## What the task requires
Hand back, word for word, the lines from the one containing "Que toda forma" to the end of the records, both included, and leave out pictures.

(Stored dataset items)
..........

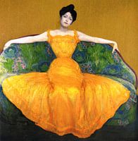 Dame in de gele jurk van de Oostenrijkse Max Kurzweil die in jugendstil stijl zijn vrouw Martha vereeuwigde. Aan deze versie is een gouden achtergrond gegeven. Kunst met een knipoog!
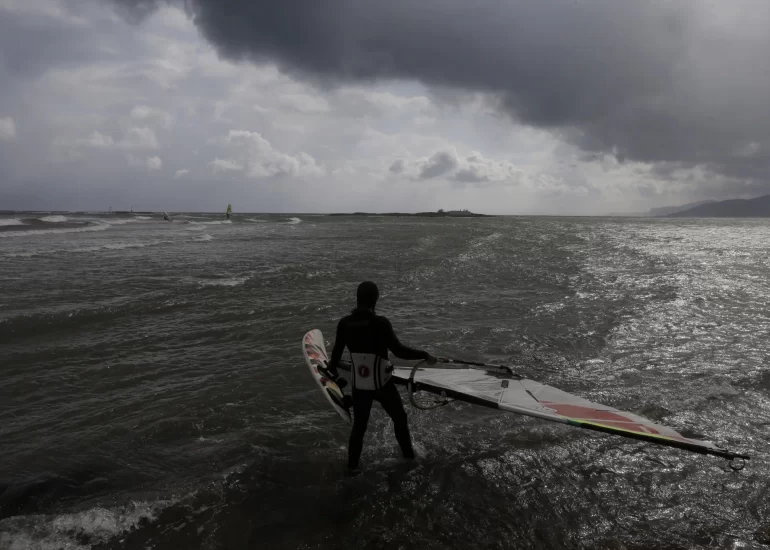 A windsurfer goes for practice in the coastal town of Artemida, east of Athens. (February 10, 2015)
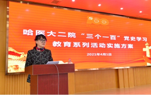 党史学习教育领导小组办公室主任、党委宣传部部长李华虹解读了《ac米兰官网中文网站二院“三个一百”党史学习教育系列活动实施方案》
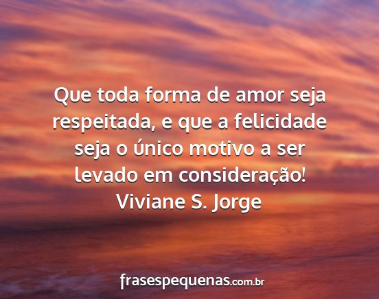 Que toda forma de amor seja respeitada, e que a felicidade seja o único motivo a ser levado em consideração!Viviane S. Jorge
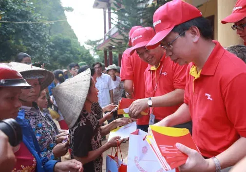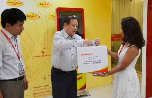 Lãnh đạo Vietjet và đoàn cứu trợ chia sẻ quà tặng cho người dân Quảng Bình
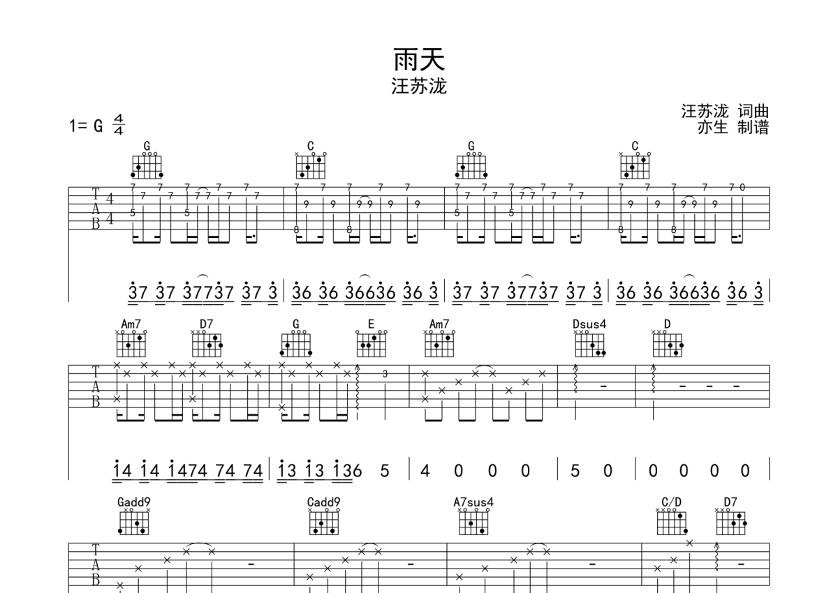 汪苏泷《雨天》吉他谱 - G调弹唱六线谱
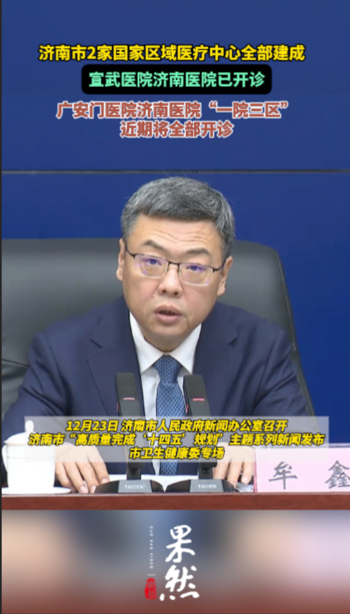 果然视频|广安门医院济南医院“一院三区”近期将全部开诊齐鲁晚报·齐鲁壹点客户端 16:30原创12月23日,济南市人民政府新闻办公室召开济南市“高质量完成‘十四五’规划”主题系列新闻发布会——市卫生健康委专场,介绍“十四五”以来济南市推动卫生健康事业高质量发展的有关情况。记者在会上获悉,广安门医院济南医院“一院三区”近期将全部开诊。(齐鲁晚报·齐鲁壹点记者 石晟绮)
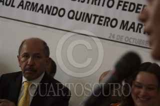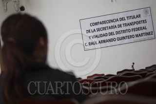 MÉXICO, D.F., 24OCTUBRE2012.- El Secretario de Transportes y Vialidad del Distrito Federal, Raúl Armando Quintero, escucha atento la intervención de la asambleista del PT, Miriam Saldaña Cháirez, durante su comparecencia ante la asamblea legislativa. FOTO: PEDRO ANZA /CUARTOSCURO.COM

..........

## Result of the task
 Que toda forma de amor seja respeitada, e que a felicidade seja o único motivo a ser levado em consideração!Viviane S. Jorge
 Lãnh đạo Vietjet và đoàn cứu trợ chia sẻ quà tặng cho người dân Quảng Bình
 汪苏泷《雨天》吉他谱 - G调弹唱六线谱
 果然视频|广安门医院济南医院“一院三区”近期将全部开诊齐鲁晚报·齐鲁壹点客户端 16:30原创12月23日,济南市人民政府新闻办公室召开济南市“高质量完成‘十四五’规划”主题系列新闻发布会——市卫生健康委专场,介绍“十四五”以来济南市推动卫生健康事业高质量发展的有关情况。记者在会上获悉,广安门医院济南医院“一院三区”近期将全部开诊。(齐鲁晚报·齐鲁壹点记者 石晟绮)
 MÉXICO, D.F., 24OCTUBRE2012.- El Secretario de Transportes y Vialidad del Distrito Federal, Raúl Armando Quintero, escucha atento la intervención de la asambleista del PT, Miriam Saldaña Cháirez, durante su comparecencia ante la asamblea legislativa. FOTO: PEDRO ANZA /CUARTOSCURO.COM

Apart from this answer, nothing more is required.